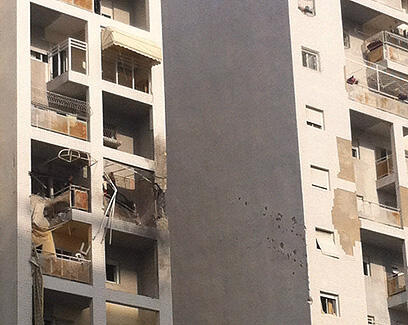 Ashdod building hit by rocket (Photo: Ron Benishu)
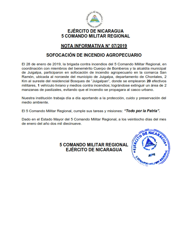 El 28 de enero de 2019, la brigada contra incendios del 5 Comando Militar Regional, en coordinación con miembros del benemérito Cuerpo de Bomberos y la alcaldía municipal de Juigalpa, participaron en sofocación de incendio agropecuario en la comarca San Ramón, ubicada al noroeste del municipio de Juigalpa, departamento de Chontales, 2 Km al sureste del residencial Bosques de “Juigalpan”, donde se emplearon20 efectivos militares, 1 vehículo liviano y medios contra incendios; lográndose extinguir un área de 2 manzanas de pastizales, evitando que el incendio se propagara al casco urbano.
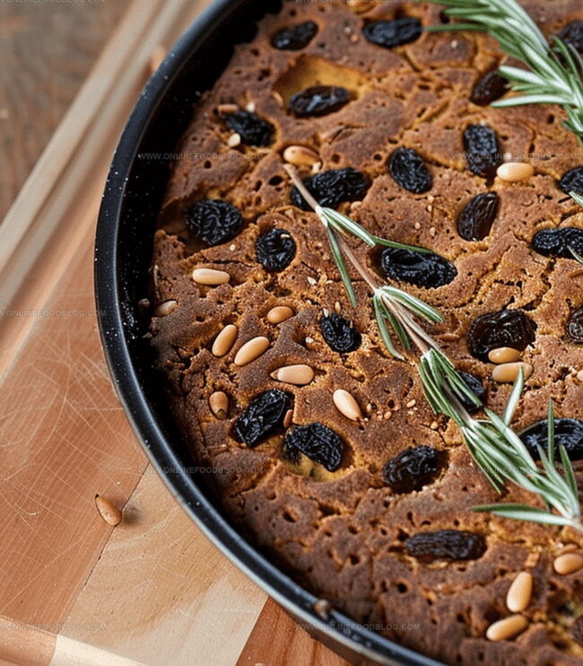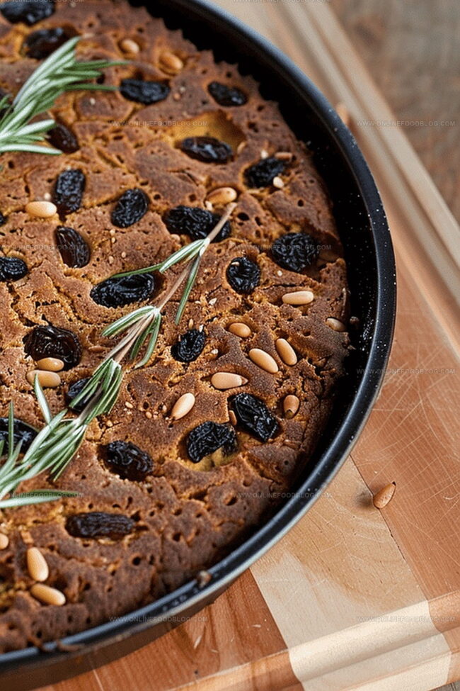Scatter a constellation of pine nuts, plump raisins, and fragrant rosemary sprigs across the batter, creating a rustic, earthy design.
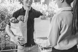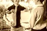 Food Delivery concept. Asian woman hand accepting bag of food, fruit, vegetable delivery from professional deliveryman Postman and express grocery delivery.
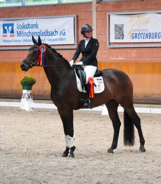 Fendi è un castrone Oldenburg nato nel 2019, con una genealogia eccellente di fondazione, derivata da una madre Quaterback. Le sue tre andature di grande qualità, insieme alla sua presenza distintiva, lo rendono un'offerta di primo livello per un ulteriore percorso di formazione. In tutte le sue gare in Dressurpferde A si è sempre piazzato. Attualmente è addestrato a livello L. Video su richiesta. Sede: 5845 EJ Sint Anthonis. Per ulteriori informazioni, contattare telefonicamente o via WhatsApp al 0049172-1743163.
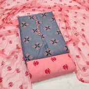 Dupatta: The dupatta is created from najmin fabric, known for its lightweight and flowing nature. Adorned with a complementary print, it enhances the overall outfit with an extra layer of grace.
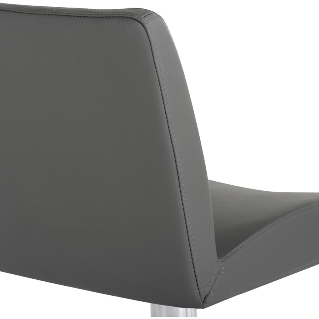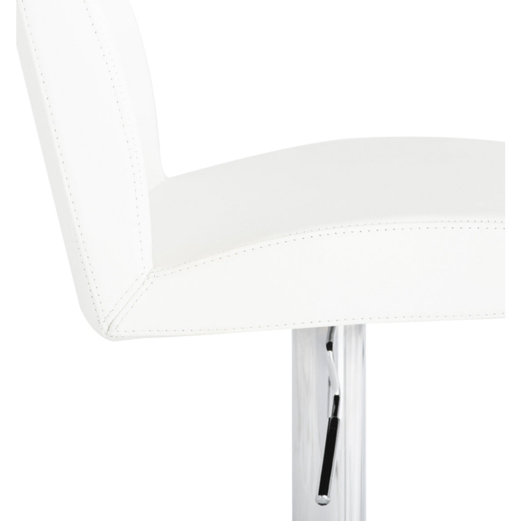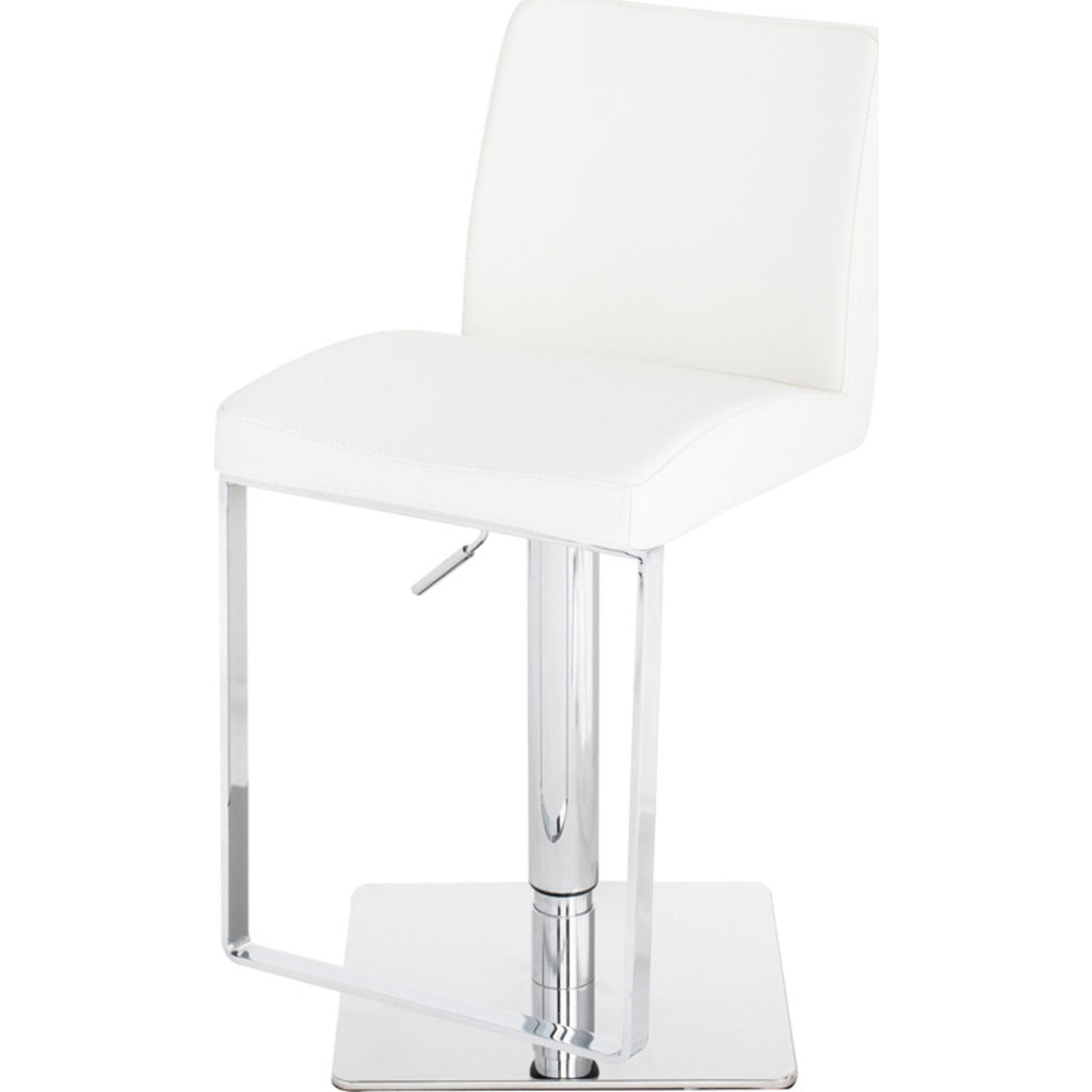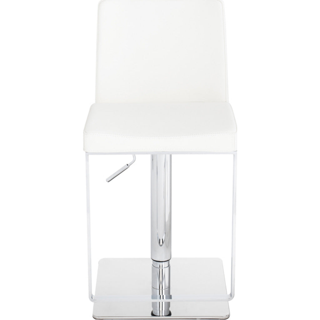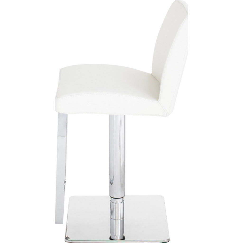 The Matteo adjustable stool combines crisp modern design with comfortable, easy, functionality. The bar seat is made with leather, accented by a wrap-around high polish stainless steel foot rest. The hydraulic stainless steel base adjusts height up and down with the simple squeeze of a discreet hand lever placed within easy reach under the bar seat. Adjustable between 32 inches and 42 inches.
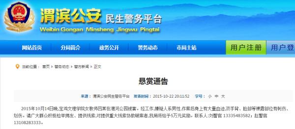 10月22日晚间,陕西宝鸡当地公安渭滨公安民生警务平台发布悬赏通告,将悬赏5万元缉凶手。
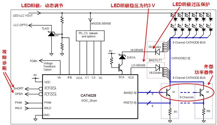 圖6.基于安森美半導體CAT4026的大尺寸LED背光液晶電視多通道線性側光方案
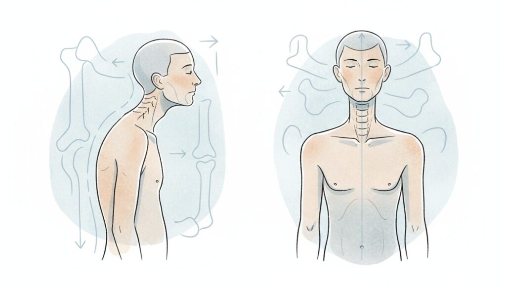 咬み合わせが悪いと、顎の位置がずれて頭部のバランスが崩れます。頭部は体重の約10%を占める重い部位であり、そのバランスが崩れると首や肩、背骨に負担がかかります。

#####

- **What the task requires**:
All that is required is an exact reproduction of the lines from the one containing "10月22日晚间,陕西宝鸡当" to the final line of the listing above, pictures omitted.

- **Task solution**:
 10月22日晚间,陕西宝鸡当地公安渭滨公安民生警务平台发布悬赏通告,将悬赏5万元缉凶手。
 圖6.基于安森美半導體CAT4026的大尺寸LED背光液晶電視多通道線性側光方案
 咬み合わせが悪いと、顎の位置がずれて頭部のバランスが崩れます。頭部は体重の約10%を占める重い部位であり、そのバランスが崩れると首や肩、背骨に負担がかかります。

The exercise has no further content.